As the Trump team struggles mightily to portray a tax plan that would disproportionately reward the wealthy—and Trump himself—as pro-working class, the Treasury Department has reportedly suppressed a government analysis that exposes as false President Donald Trump’s central claim that workers, not rich corporate shareholders, would be the primary beneficiaries of a massive reduction in the corporate tax rate.

“It is disturbing the Treasury Department is burying research proving that trickle-down economics harms American workers.”
—Sen. Ron WydenThe Wall Street Journal‘s Richard Rubin first reported that the analysis—published in 2012 by the Office of Tax Analysis (OTA)—was deleted from the Treasury Department’s website on Thursday.

The suppressed study (pdf) demonstrated that “workers pay 18 percent of the corporate tax while owners of capital pay 82 percent,” Rubin noted, a breakdown that the Trump administration and the Republican Party has effectively reversed in selling their proposals to the American public.

OTA’s conclusions were “in line with many economists’ views and close to estimates from the nonpartisan Joint Committee on Taxation (JCT) and Congressional Budget Office,” Rubin adds. “The JCT, which will evaluate tax bills in Congress, estimates that capital bears 75 percent of the long-run corporate-tax burden, with labor paying the rest.”

Treasury Secretary Steven Mnuchin has argued, against mountains of contrary evidence, that it is in fact workers who end up bearing the brunt of taxes on corporate profits, thus allowing him to paint a massive rate reduction—which Trump has proposed—as a boon for the working class.

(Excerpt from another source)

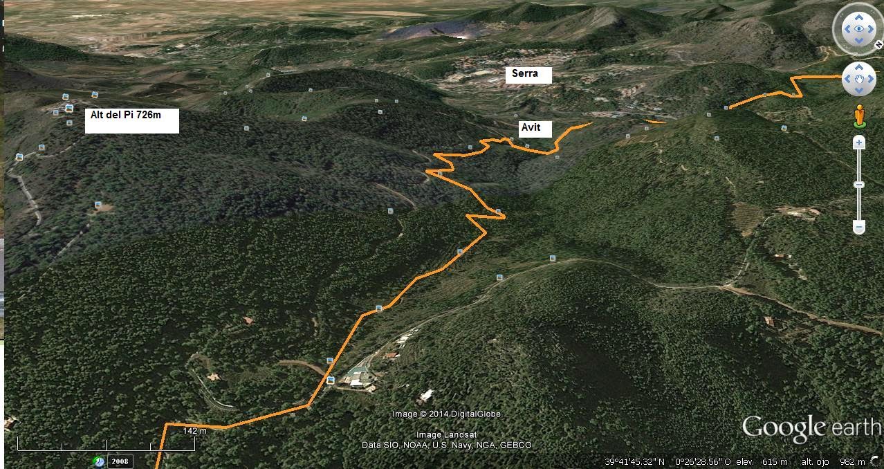 y más tarde de la Sierra de Espadán. Un rato después, aparece Les Rates, montaña que vamos a bordear por su parte izquierda según la miramos. Pero hay que bajar, para ello bajaremos -180m zigzagueando en los próximos 1800m En esta bajada llegaremos ya al km 30 de la carrera.
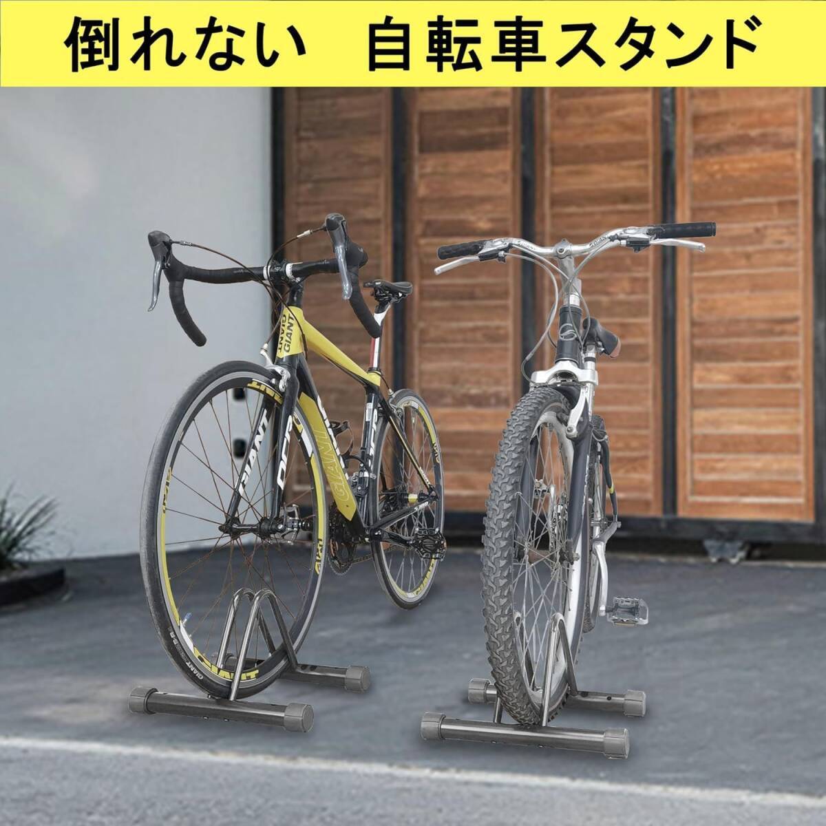 強風が吹いても転倒する心配がなく、キックスタンドが付いていない自転車を

As The Week‘s Jeff Spross observes, this is a common right-wing argument. But while conservative think tanks like the Heritage Foundation claim that corporate tax cuts lead to higher wages for workers, the last several decades of evidence indicate the opposite, Spross concludes.

“[W]henever a company gets a windfall,” Spross writes, “the money goes to wealthy shareholders, CEOs, and the lucky members of the upper class.”

“Whenever a company gets a windfall, the money goes to wealthy shareholders, CEOs, and the lucky members of the upper class.”
—Jeff Spross, The Week

Many argued that the Treasury Department’s removal of the OTA paper amounts to blatant suppression of contradictory evidence in the service of selling “snake oil” to the American public.